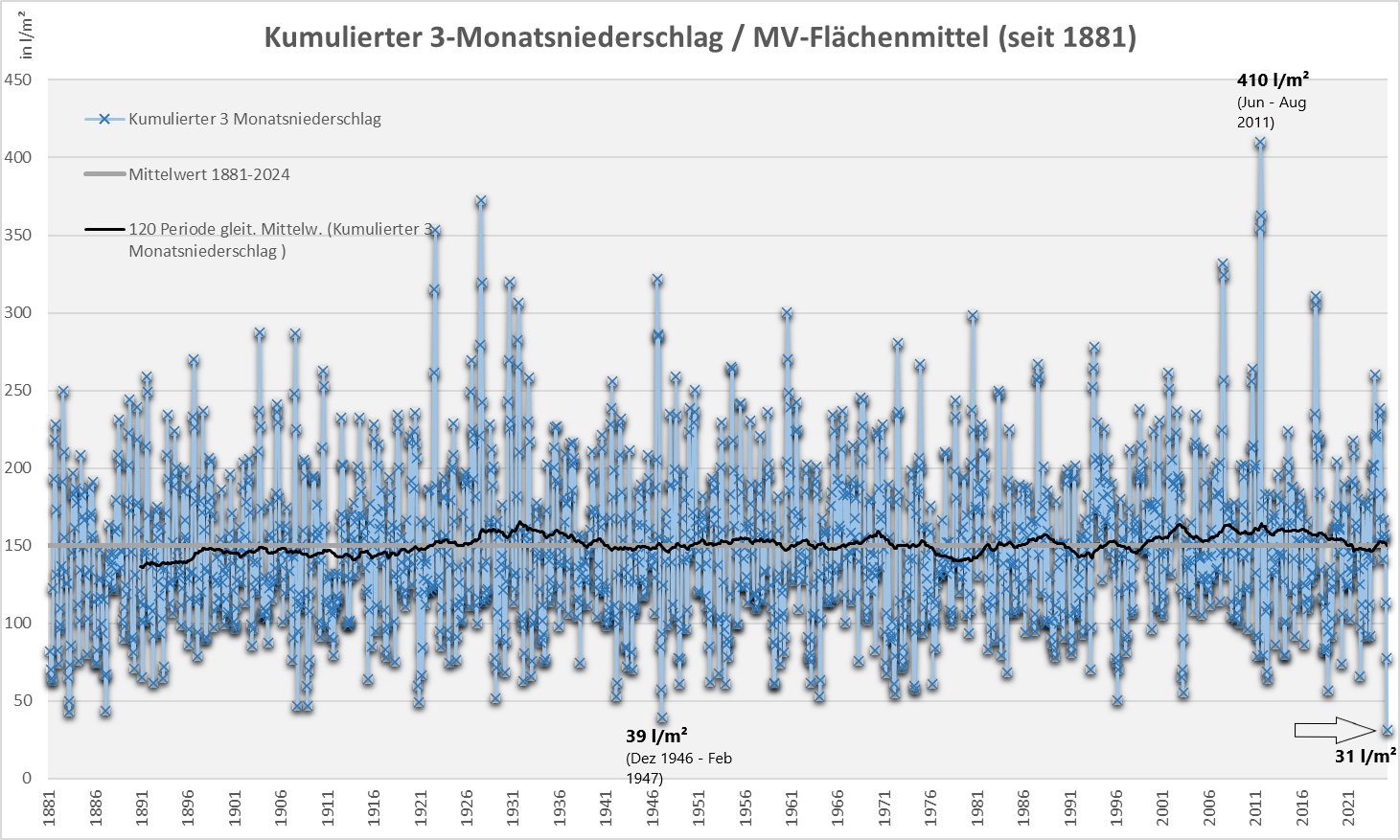 Im diesjährigen Frühjahr dominiert aus wettertechnischer Sicht ein Thema: Die rekordträchtige andauernde Trockenheit. Seit Anfang Februar hat es im Flächenmittel von Mecklenburg-Vorpommern lediglich etwa 31 l/m² Niederschlag gegeben. Nach langjährigem Durchschnitt wären vom 01.02.-30.04. 115-120 l/m² zu erwarten, das Defizit ist also enorm. Der nun mit dem April zu Ende gehende 3-Monatszeitraum ist sogar der … Trockenheit dauert an – seit Anfang Februar regional nur 15 l/m² – neuer Minimumrekord für 3-Monatszeitraum weiterlesen
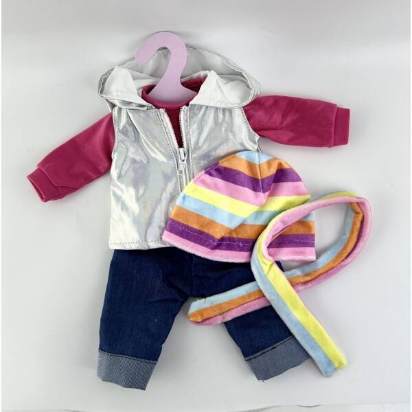 Одежда для кукол ТМ "Карапуз" станет отличным дополнением для игры с любимой куклой: - подходит для кукол ростом 40-46 см - на плечиках - легко надеть и снять - качественный материал Девочки обожают наряжать и менять образ своим куклам. Эта серебристая жилетка, розовая кофточка, джинсы и шарф с шапочкой в яркую полоску поможет разнообразить кукольный гардероб. Одежда сшита из безопасного материала, приятного на ощупь. Игра с куклами и аксессуарами для них ТМ "Карапуз" развивает: - фантазию и воображение - моторику - речь - внимание - социально-коммуникативные навыки Размер упаковки: 20 х 40 х 1 см. Материал: текстиль. Рекомендовано детям от 3-х лет.
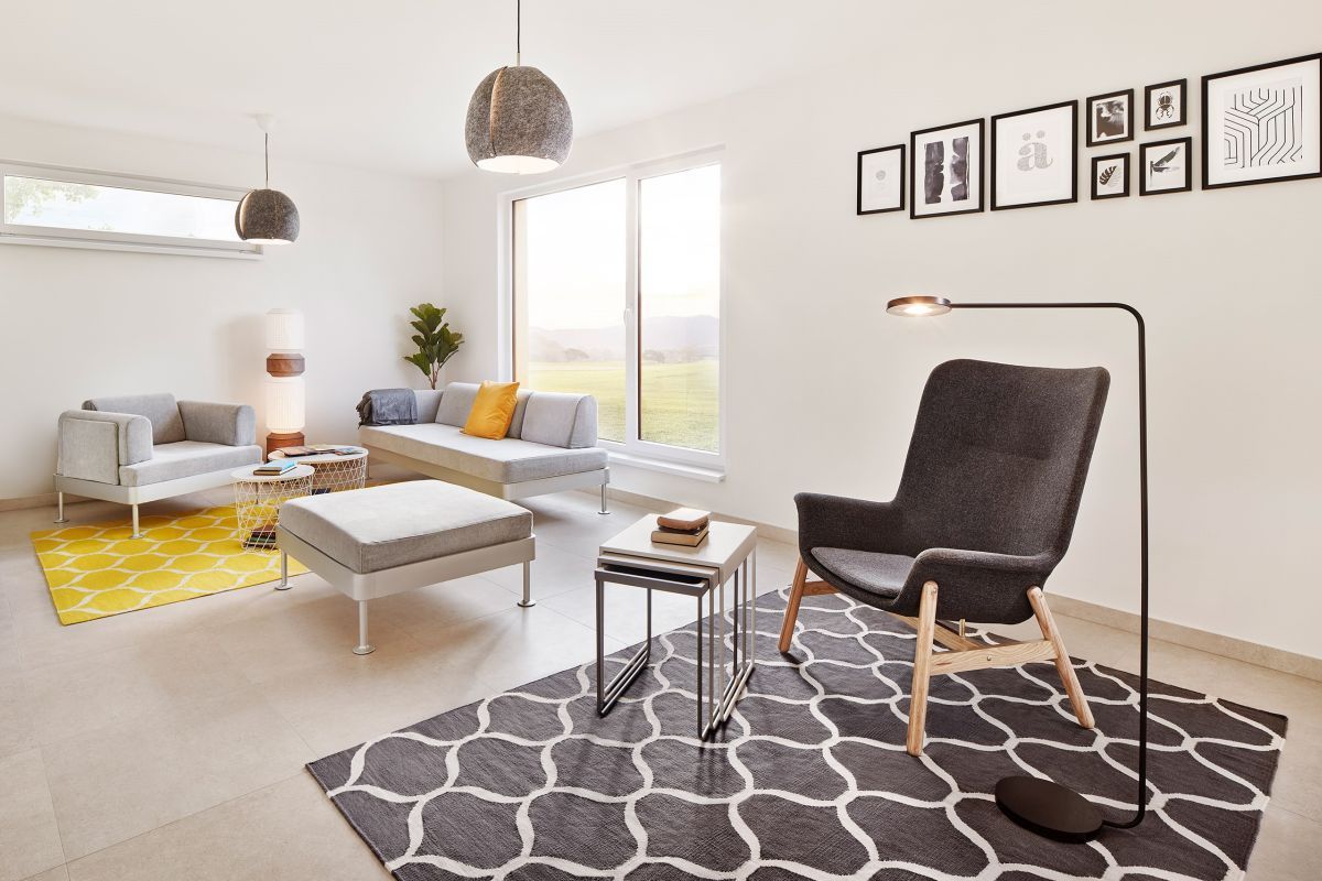 Dvoupodlažní dům s pultovou střechou je určen pro praktické bydlení čtyřčlenné rodiny. Vzhledem k výrazně prosklené hlavní fasádě je určen pro pozemky s orientací na jih, jihovýchod nebo jihozápad. Přestože nemá velkou zastavěnou plochu, je uvnitř velmi prostorný. Zaujme především impozantním společným obývacím prostorem s centrálním schodištěm a galerií.
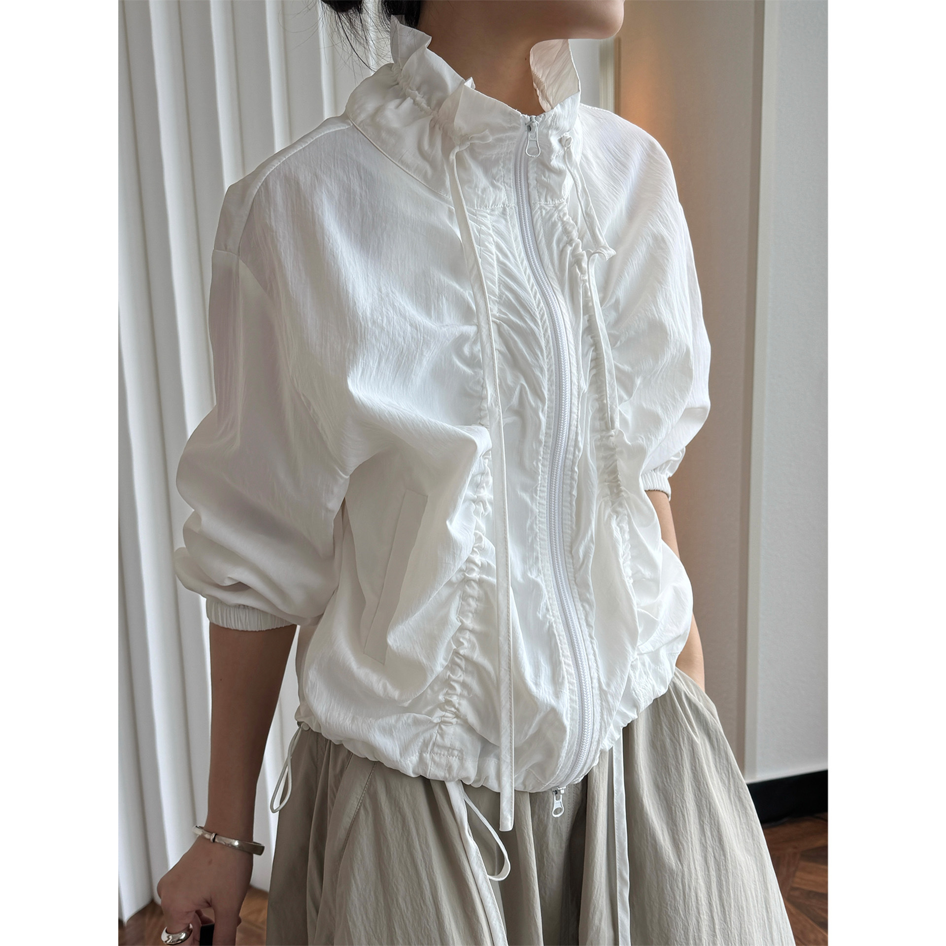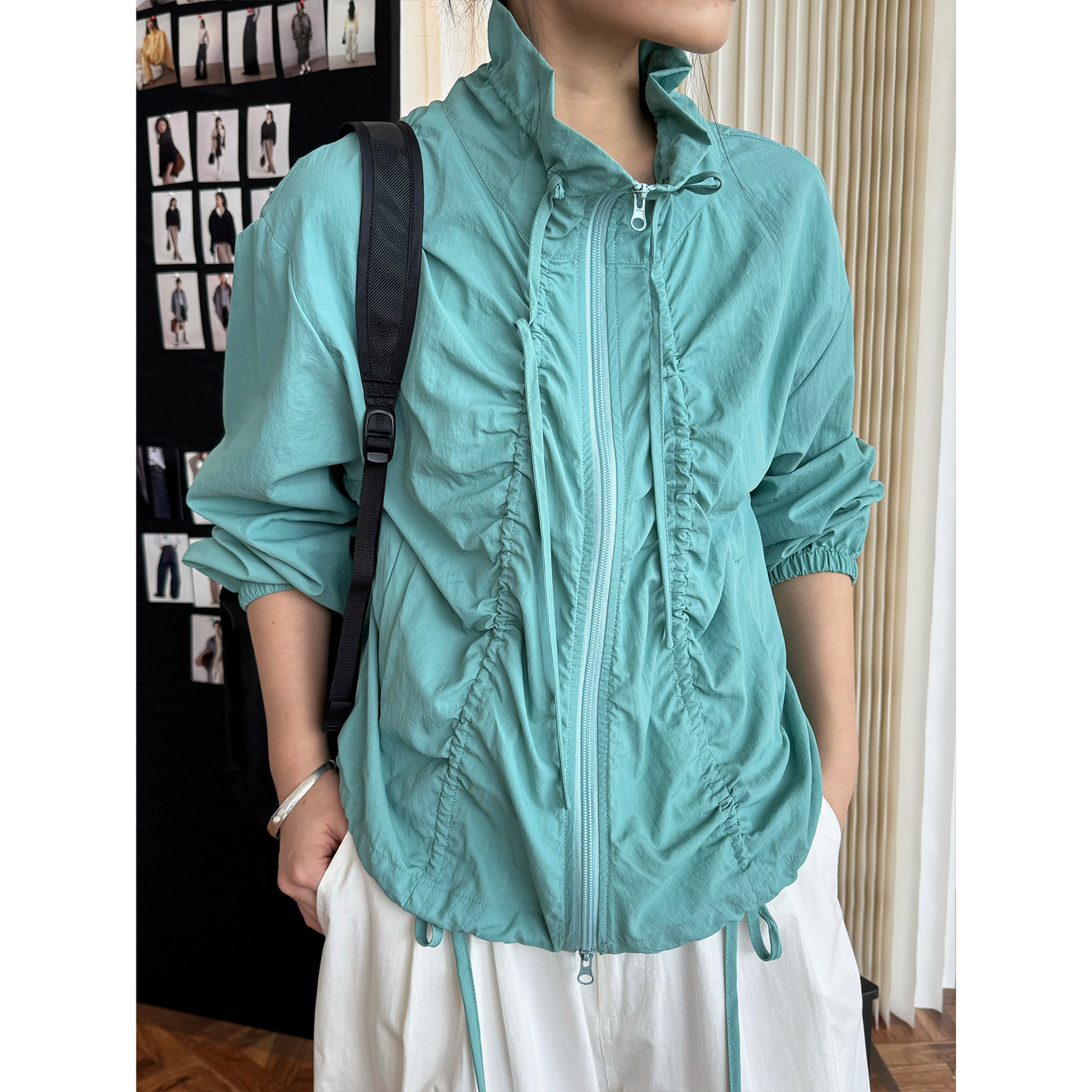 봄 새로운 한국어 INS 디자인 사이드 드로스트링 주름 자외선 차단제 재킷 여성을위한 가볍고 통기성 재킷

What is being asked:
Drop every image, please, and write out the data above exactly as shown.

Response area:
 Im diesjährigen Frühjahr dominiert aus wettertechnischer Sicht ein Thema: Die rekordträchtige andauernde Trockenheit. Seit Anfang Februar hat es im Flächenmittel von Mecklenburg-Vorpommern lediglich etwa 31 l/m² Niederschlag gegeben. Nach langjährigem Durchschnitt wären vom 01.02.-30.04. 115-120 l/m² zu erwarten, das Defizit ist also enorm. Der nun mit dem April zu Ende gehende 3-Monatszeitraum ist sogar der … Trockenheit dauert an – seit Anfang Februar regional nur 15 l/m² – neuer Minimumrekord für 3-Monatszeitraum weiterlesen
 Одежда для кукол ТМ "Карапуз" станет отличным дополнением для игры с любимой куклой: - подходит для кукол ростом 40-46 см - на плечиках - легко надеть и снять - качественный материал Девочки обожают наряжать и менять образ своим куклам. Эта серебристая жилетка, розовая кофточка, джинсы и шарф с шапочкой в яркую полоску поможет разнообразить кукольный гардероб. Одежда сшита из безопасного материала, приятного на ощупь. Игра с куклами и аксессуарами для них ТМ "Карапуз" развивает: - фантазию и воображение - моторику - речь - внимание - социально-коммуникативные навыки Размер упаковки: 20 х 40 х 1 см. Материал: текстиль. Рекомендовано детям от 3-х лет.
 Dvoupodlažní dům s pultovou střechou je určen pro praktické bydlení čtyřčlenné rodiny. Vzhledem k výrazně prosklené hlavní fasádě je určen pro pozemky s orientací na jih, jihovýchod nebo jihozápad. Přestože nemá velkou zastavěnou plochu, je uvnitř velmi prostorný. Zaujme především impozantním společným obývacím prostorem s centrálním schodištěm a galerií.
 봄 새로운 한국어 INS 디자인 사이드 드로스트링 주름 자외선 차단제 재킷 여성을위한 가볍고 통기성 재킷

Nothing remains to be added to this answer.